O mesmo mecanismo observa-se na interpretação dos sonhos. De acordo com os Homens Sensíveis, sonhar com uma mulher é amá-la, sonhar com sapatos pretos é morrer, sonhar com cair é o cinqüenta e seis.
Outra das conseqüências desta vocação psicológica foi a convicção geral de que tudo tem origens mentais.
Assim, quando um rapaz espetava um prego no pé, alguns médicos aplicavam a vacina para o tétano e outros perguntavam pela relação do espetado com seus pais. De qualquer maneira, o entusiasmou foi decaindo. Talvez o principal responsável foi Manuel Mandeb.
O pensador árabe começou a desconfiar de quem tratava de abranger a alma com deficientes definições. Não gostava também da ausência do pecado naquelas construções onde não havia canalhas, senão doentes, e onde os sem-vergonhas eram chamados de psicóticos.
Destas inquietudes surge uma obtusa monografia titulada “Loucos éramos os de antes”. Na verdade, o trabalho consiste na exposição de cento e nove casos de pessoas que concorreram ao psicanalista, sem se curarem de nada e – o que é pior – adquirindo uma espantosa satisfação de si mesmos.
A verdade é que o trabalho de Mandeb carece de todo rigor científico, mas consegue deixar a estranha sensação de que à psicanálise tampouco lhe sobra este rigor. Isto é talvez falso.
Mas a gente não termina de se convencer, tal é o efeito que os pensadores apaixonados, como Manuel Mandeb, produzem nas pessoas razoáveis.
Hoje em dia, suponho eu, os grandes investigadores da alma transitaram outros cominhos menos pitorescos. Já não parece ter muito sentido contar nossas fantasias a um senhor durante vinte e cinco anos para ver se conseguimos dormir tranqüilos.
Meus amigos ilustrados contam que há novas técnicas e que a ciência avança em forma brutal.

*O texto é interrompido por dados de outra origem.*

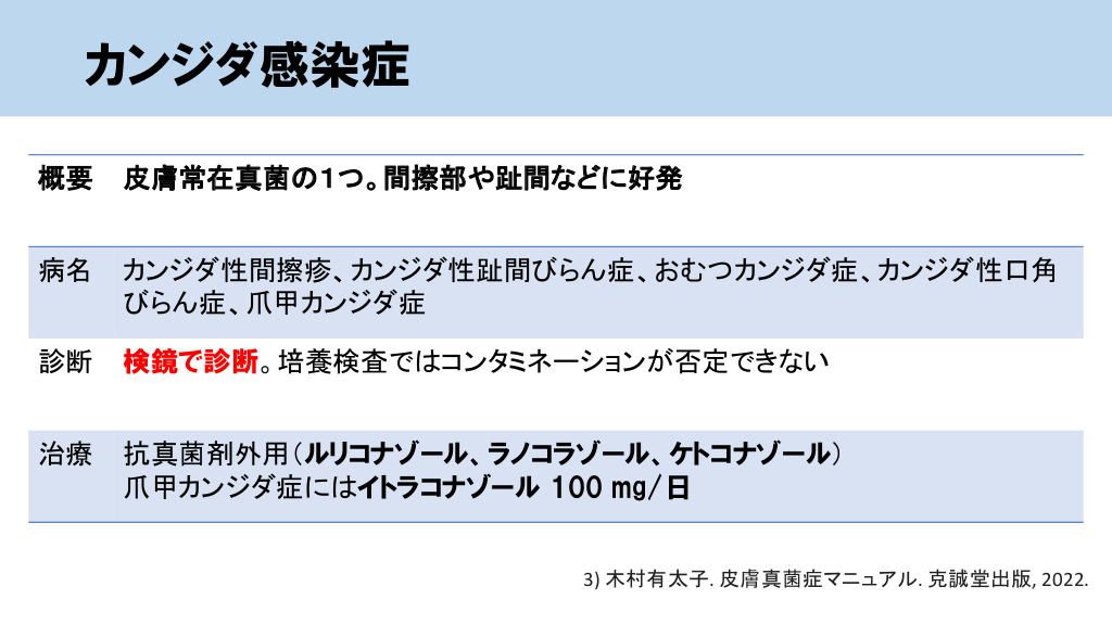 #12. カンジダ感染症 概要 皮膚常在真菌の1つ。間擦部や趾間などに好発 病名 カンジダ性間擦疹、カンジダ性趾間びらん症、おむつカンジダ症、カンジダ性口角 びらん症、爪甲カンジダ症 診断 検鏡で診断。培養検査ではコンタミネーションが否定できない 治療 抗真菌剤外用(ルリコナゾール、ラノコラゾール、ケトコナゾール) 爪甲カンジダ症にはイトラコナゾール 100 mg/日 3) 木村有太子. 皮膚真菌症マニュアル. 克誠堂出版, 2022.

Como queira que seja, o simples propósito desta nota foi chamar a atenção sobre aspectos estéticos da psicanálise. Não importa que não sirva para nada: seus rituais, suas aristas absurdas, seus tiros na noite, suas metáforas, sua solenidade são elementos que um verdadeiro artista não deveria desestimar jamais.
Talvez eu chegasse tarde e todos já compreenderam isto.
Talvez os terapeutas e seus pacientes não façam nada mais do que brincar, semana a semana, um jogo apaixonante em que as fichas são sonhos, ilusões, fantasias, lembranças, angustias, amores, desencontros e frustrações.
Isto é quase tão bom quanto curar manias de perseguição.